▶ **GIVEN RECORDS**

----------------

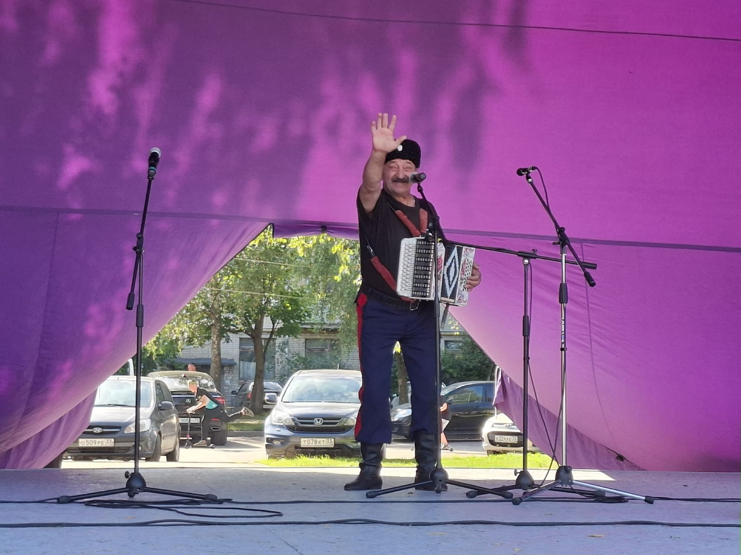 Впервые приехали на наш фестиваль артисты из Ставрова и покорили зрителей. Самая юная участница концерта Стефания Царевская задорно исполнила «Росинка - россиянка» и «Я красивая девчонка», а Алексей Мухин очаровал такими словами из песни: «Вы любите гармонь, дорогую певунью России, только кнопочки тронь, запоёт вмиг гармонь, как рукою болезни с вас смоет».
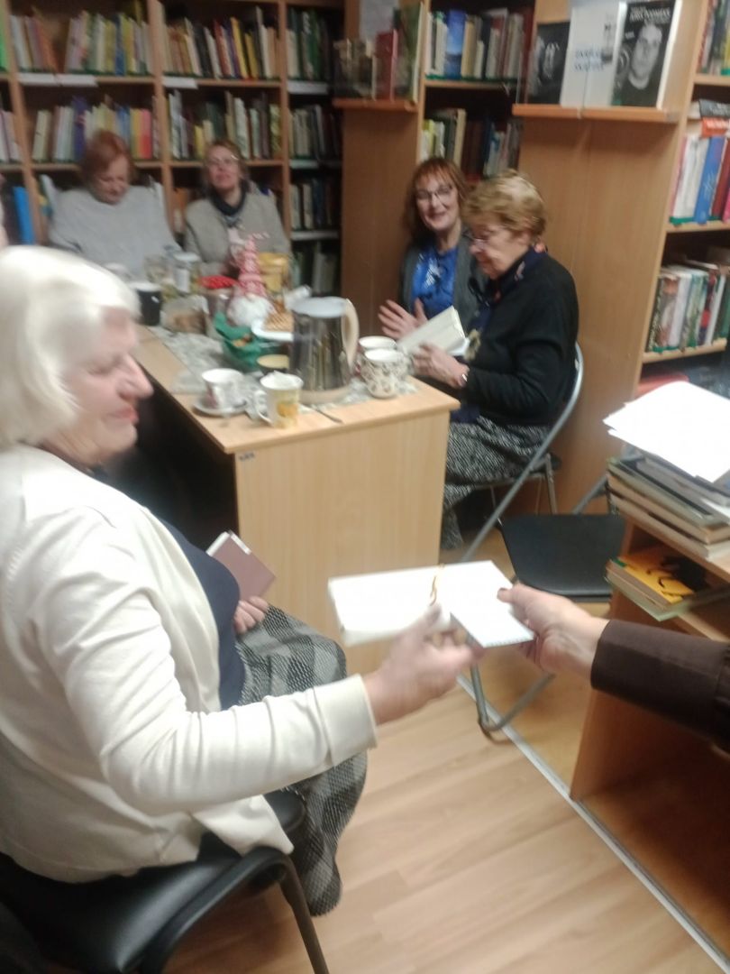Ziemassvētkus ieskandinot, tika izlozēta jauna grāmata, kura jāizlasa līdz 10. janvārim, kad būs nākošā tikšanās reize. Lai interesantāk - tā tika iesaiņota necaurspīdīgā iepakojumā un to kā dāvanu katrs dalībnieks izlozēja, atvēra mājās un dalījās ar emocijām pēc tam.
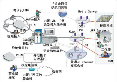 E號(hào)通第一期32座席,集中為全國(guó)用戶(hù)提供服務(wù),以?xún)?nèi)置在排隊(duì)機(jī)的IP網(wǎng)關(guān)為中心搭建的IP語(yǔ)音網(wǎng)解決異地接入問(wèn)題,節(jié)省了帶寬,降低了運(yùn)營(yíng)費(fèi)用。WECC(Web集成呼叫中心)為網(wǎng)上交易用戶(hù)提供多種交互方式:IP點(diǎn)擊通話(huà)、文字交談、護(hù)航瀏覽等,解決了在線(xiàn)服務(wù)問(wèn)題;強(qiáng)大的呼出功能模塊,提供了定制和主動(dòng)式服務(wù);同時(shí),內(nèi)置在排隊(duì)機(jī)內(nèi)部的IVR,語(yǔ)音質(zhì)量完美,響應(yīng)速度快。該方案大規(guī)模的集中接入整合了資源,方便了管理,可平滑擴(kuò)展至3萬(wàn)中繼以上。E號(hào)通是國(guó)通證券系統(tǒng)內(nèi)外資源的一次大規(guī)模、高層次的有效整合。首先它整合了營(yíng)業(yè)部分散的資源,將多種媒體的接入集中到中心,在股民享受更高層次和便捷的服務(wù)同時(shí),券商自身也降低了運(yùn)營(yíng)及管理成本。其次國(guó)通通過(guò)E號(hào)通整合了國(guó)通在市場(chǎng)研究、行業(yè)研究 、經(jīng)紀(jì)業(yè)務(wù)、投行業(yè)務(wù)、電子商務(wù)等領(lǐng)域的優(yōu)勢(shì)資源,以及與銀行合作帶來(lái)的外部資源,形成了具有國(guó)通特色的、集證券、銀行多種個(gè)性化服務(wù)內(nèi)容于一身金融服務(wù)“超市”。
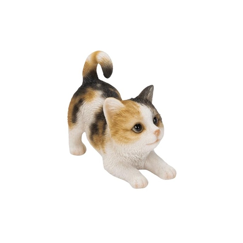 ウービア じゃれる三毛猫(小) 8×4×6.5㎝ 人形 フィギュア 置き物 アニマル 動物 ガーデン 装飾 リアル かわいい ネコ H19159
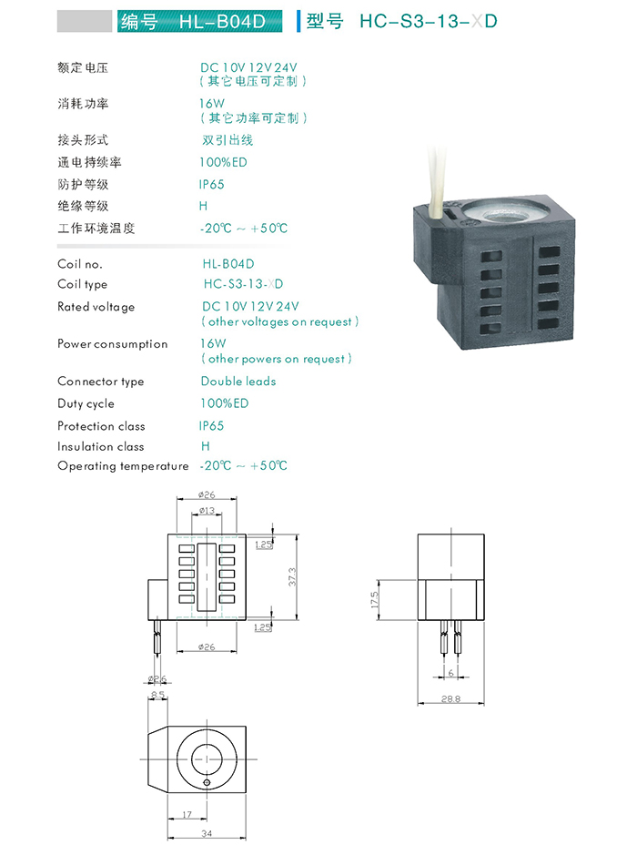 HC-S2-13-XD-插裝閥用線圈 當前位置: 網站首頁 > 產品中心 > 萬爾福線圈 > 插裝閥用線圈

----------------

▶ **EXERCISE**
Before handing back the copy, remove the pictures; otherwise print the data exactly.

▶ **TASK RESPONSE**
 Впервые приехали на наш фестиваль артисты из Ставрова и покорили зрителей. Самая юная участница концерта Стефания Царевская задорно исполнила «Росинка - россиянка» и «Я красивая девчонка», а Алексей Мухин очаровал такими словами из песни: «Вы любите гармонь, дорогую певунью России, только кнопочки тронь, запоёт вмиг гармонь, как рукою болезни с вас смоет».
Ziemassvētkus ieskandinot, tika izlozēta jauna grāmata, kura jāizlasa līdz 10. janvārim, kad būs nākošā tikšanās reize. Lai interesantāk - tā tika iesaiņota necaurspīdīgā iepakojumā un to kā dāvanu katrs dalībnieks izlozēja, atvēra mājās un dalījās ar emocijām pēc tam.
 E號(hào)通第一期32座席,集中為全國(guó)用戶(hù)提供服務(wù),以?xún)?nèi)置在排隊(duì)機(jī)的IP網(wǎng)關(guān)為中心搭建的IP語(yǔ)音網(wǎng)解決異地接入問(wèn)題,節(jié)省了帶寬,降低了運(yùn)營(yíng)費(fèi)用。WECC(Web集成呼叫中心)為網(wǎng)上交易用戶(hù)提供多種交互方式:IP點(diǎn)擊通話(huà)、文字交談、護(hù)航瀏覽等,解決了在線(xiàn)服務(wù)問(wèn)題;強(qiáng)大的呼出功能模塊,提供了定制和主動(dòng)式服務(wù);同時(shí),內(nèi)置在排隊(duì)機(jī)內(nèi)部的IVR,語(yǔ)音質(zhì)量完美,響應(yīng)速度快。該方案大規(guī)模的集中接入整合了資源,方便了管理,可平滑擴(kuò)展至3萬(wàn)中繼以上。E號(hào)通是國(guó)通證券系統(tǒng)內(nèi)外資源的一次大規(guī)模、高層次的有效整合。首先它整合了營(yíng)業(yè)部分散的資源,將多種媒體的接入集中到中心,在股民享受更高層次和便捷的服務(wù)同時(shí),券商自身也降低了運(yùn)營(yíng)及管理成本。其次國(guó)通通過(guò)E號(hào)通整合了國(guó)通在市場(chǎng)研究、行業(yè)研究 、經(jīng)紀(jì)業(yè)務(wù)、投行業(yè)務(wù)、電子商務(wù)等領(lǐng)域的優(yōu)勢(shì)資源,以及與銀行合作帶來(lái)的外部資源,形成了具有國(guó)通特色的、集證券、銀行多種個(gè)性化服務(wù)內(nèi)容于一身金融服務(wù)“超市”。
 ウービア じゃれる三毛猫(小) 8×4×6.5㎝ 人形 フィギュア 置き物 アニマル 動物 ガーデン 装飾 リアル かわいい ネコ H19159
 HC-S2-13-XD-插裝閥用線圈 當前位置: 網站首頁 > 產品中心 > 萬爾福線圈 > 插裝閥用線圈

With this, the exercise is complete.